Equity benchmark Nifty50 closed in the positive territory on March 10 but failed to hold the gains of early trade as weal global cues kept the gains limited.
Investors further covered their short positions as trends of state election results showed the final outcome is likely to be in line with expectations. Markets also got a leg up on strong global cues and hope that talks between two foreign ministers of Russia and Ukraine in Turkey would look at easing conflict between two sides.
Nifty opened at 16,757.10 against the previous close of 16,345.35 but erased some gains to settle 250 points, or 1.53 percent, higher at 16,594.90, forming a bearish belt hold kind of formation.
What is a Bearish Belt Hold?
Bearish belt hold is a candlestick pattern that forms during an upward trend. It is formed when the stock or index opens higher than the close of the previous session but the opening becomes the high for the day and the stock price declines throughout the day, forming a long black candlestick with a short lower shadow and no upper shadow. This candlestick indicates momentum may be slowing down and traders must be cautious.

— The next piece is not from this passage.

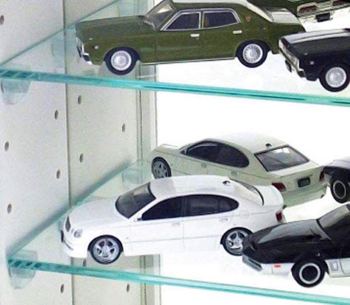 ▲両サイドと天面に窓を設けている。ミラー仕様のバックボードと相まって、コレクションが見やすい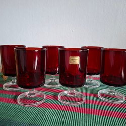 11 stk rødvinsglas med en højde på 11,5 cm. De 9 er fine i standen og koster 40 DKK pr stk. 1 med et mikroskår på kanten og 1 med en ridse på siden. Medfølger gratis ved køb af de andre.

"Bulls appear to have failed to capitalise on its strong gap-up opening as it faltered after testing the 200-day moving average, which resulted in a bearish belt hold kind of formation. Hence, in the next couple of trading sessions, it remains critical for the index to sustain above the day’s bullish gap zone placed between 16,447 and 16,418 levels," said Mazhar Mohammad, Founder & Chief Market Strategist, chartviewindia.in.

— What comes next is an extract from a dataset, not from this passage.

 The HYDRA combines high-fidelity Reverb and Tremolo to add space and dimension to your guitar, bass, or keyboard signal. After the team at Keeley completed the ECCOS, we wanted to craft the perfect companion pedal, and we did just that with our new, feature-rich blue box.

Mohammad pointed out that unless Nifty registers a close above 16,820 level on the upside, further strength should not be expected. The inability of bulls to sustain above 16,418 level on a closing basis can lead to sharp profit booking, he said.
For time being, it looks prudent to remain neutral on the index for the day unless it closes above 16,820 levels, Mohammad added.
Shrikant Chouhan, Head of Equity Research (Retail) at Kotak Securities, is of the view that the short-term formation is still on the positive side but due to temporary overbought situation, the market is likely to consolidate in the range of 16,400 to 16,800.
"For traders, 16,400-16,300 would act as important support levels. On the flip side, 16,800-16,875 could be the immediate resistance level for the bulls," said Chouhan.
Nifty has seen a sharp recovery of around 5 percent in the last three days. However, it is still down 11 percent from its all-time high of 18,604.45.
Chandan Taparia of Motilal Oswal Financial Services said Nifty has to hold above 16,500 level for an up move towards 16,800 and 17,000, whereas support exists at 16,350 and 16,161 zones.
"On the options front, maximum call open interest (OI) is at 18,000 then 17,000 strike while maximum put OI is at 16,000 then 15,500 strike. Marginal call writing is seen at 16,800 then 16,700 strike while marginal put writing is seen at 16,000 then 15,800 strike. Options data suggests a wider trading range in between 16,000 to 17,000 zone," said Taparia.
"While the geopolitical and inflation-led uncertainties play out, we find price-value equation turning favourable. The healthy earnings visibility can act as a cushion in an otherwise fragile external situation. Thus we would recommend investors to buy in this volatility in a staggered manner," said Siddhartha Khemka, Head - Retail Research, Motilal Oswal Financial Services.